- Born: 1931 (age 94–95) Harbin, Heilongjiang, Republic of China
- Other name: Vieta Dyer

Academic background
- Education: Fu Jen Catholic University; Georgetown University (Master); Australian National University (PhD);

= Svetlana Rimsky-Korsakoff =

Chinese-born Russian scholar

Svetlana Rimsky-Korsakoff (also known as Vieta Dyer; born 1931) is a scholar of Russian descent. She grew up in China during her early years but later left the country. She is well known for her research on the Dungan people.

== Biography ==
Rimsky-Korsakoff was born in Harbin, as the daughter of Nicolai Rimsky-Korsakoff, a White Army officer who settled in Harbin after the Russian Revolution. After Rimsky-Korsakoff's birth, Nicolai took the family to Peking, where Svetlana received a mixed Russian-Chinese education. After the Marco Polo Bridge incident, Nicolai again fled with his family to Yunnan, where he obtained Chinese citizenship.
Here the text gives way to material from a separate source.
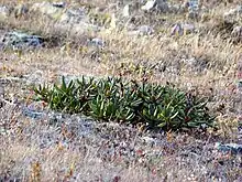 Sur le versant septentrional, entre 1 900 et 2 300 mètres d'altitude, se trouve une forêt de pins (Pinus kochiana et Pinus sylvestris) avec des bouleaux (Betula sp.) et des frênes des montagnes. Les couloirs à avalanches sont clairement visibles avec la seule présence des feuillus. L'argousier (Hippophae rhamnoides), arbuste au feuillage argenté, est présent dans la vallée du fleuve Baksan. Dans les prairies subalpines, les herbes et les fleurs peuvent atteindre une hauteur de 70 à 80 cm. Un des plus beaux arbustes à fleurs de la région, le rhododendron du Caucase (Rhododendron caucasicum), y pousse. Localement appelé la « rose des Alpes », ses fleurs rose pâle et crème entrent en floraison au début du printemps. Ses racines s'enfoncent profondément dans le sol en pente, ce qui lui permet de résister au vent et à la neige[18]. Entre 2 300 et 3 000 mètres d'altitude, l'étage subalpin laisse place à l'étage alpin et à ses pelouses alpines riches en fleurs. Au-delà, à la limite des glaciers et des névés, les perce-neige fleurissent et des lichens multicolores recouvrent les rochers dépourvus de neige[19]. Entre 3 000 et 3 500 m, à des altitudes où les plantes poussent encore, le Céraiste cotonneux (Cerastium tomentosum), les draves (Draba sp.) et saxifrages (Saxifraga vinnica) peuvent également être trouvés par endroits parmi les lichens.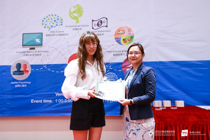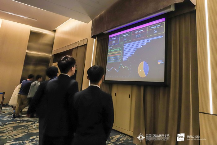 The external judges for this event were Professor of Department of Education Studies at HKBU Prof Vicky C. Tam; Director of Zhuhai Zhonghui Microelectronics Co. Ltd, Mr Wu Bin; Co-founder of 4DAGE Technology Ms Zheng Kuan; Assistant Researcher at Jinan University Dr Huang Shan; Senior Lecturer at HSBC Business School in Peking University Shenzhen Campus Ms Priscilla Lynne Young; UIC Adjunct Associate Professor and President of AAFUD Industry (Zhuhai) Co. Ltd Dr Chen Wentian; and President of Greater Bay Area Big Data AI Association Mr Steve Wong. UIC judges included Dean of Division of Culture and Creativity Prof Brian Clarke; General Education Office Prof Sookja Kim Chung; Assistant Professor of DST Dr Wong Chiu Fai; Associate Professor of DBM Dr May Wang; Assistant Professor of FM Dr Zhao Pengfei; Associate Professor of ENVS Dr Tsim Siu Tai; and Assistant Professor of DST Dr Zhang Wei.

In 1945, Japan surrendered and the Rimsky-Korsakoff family returned to Beijing. After returning to Peking, Svetlana attended the Fu Jen Catholic University in Beijing. Here she witnessed the conflict between the Communists and the Kuomintang and was present during the siege of the Fu Jen University campus by Communist forces and was forced to participate in the anti-missionary movement under Mao Zedong.

In 1949, when the People's Republic of China was founded, the Rimsky-Korsakoff family was stripped of their Chinese citizenship, and after a period of financial and psychological hardship, the family fled the country on a boat with the last missionaries expelled from China.

In the 1960s, Rimsky-Korsakoff enrolled at Georgetown University in Washington, D.C., to pursue a master's degree in Asian languages. It was here that she met Paul Serruys, who, after learning about Rimsky-Korsakoff's background, suggested that Svetlana study the languages of the Dungans, a Chinese minority in Central Asia. In 1964, Svetlana delivered her master's thesis, "The Dungan Dialect: Introduction and Morphology".

After graduating from Georgetown, she returned to Australia and taught Chinese at the Australian National University while pursuing her PhD. She initially wanted to work on Classic of Filial Piety, but then turned to a 13th-century Korean Chinese manual, Lao Ch'i-ta. In 1983, she submitted her doctoral thesis. During this period, she also conducted research on the Dungans and published a number of papers.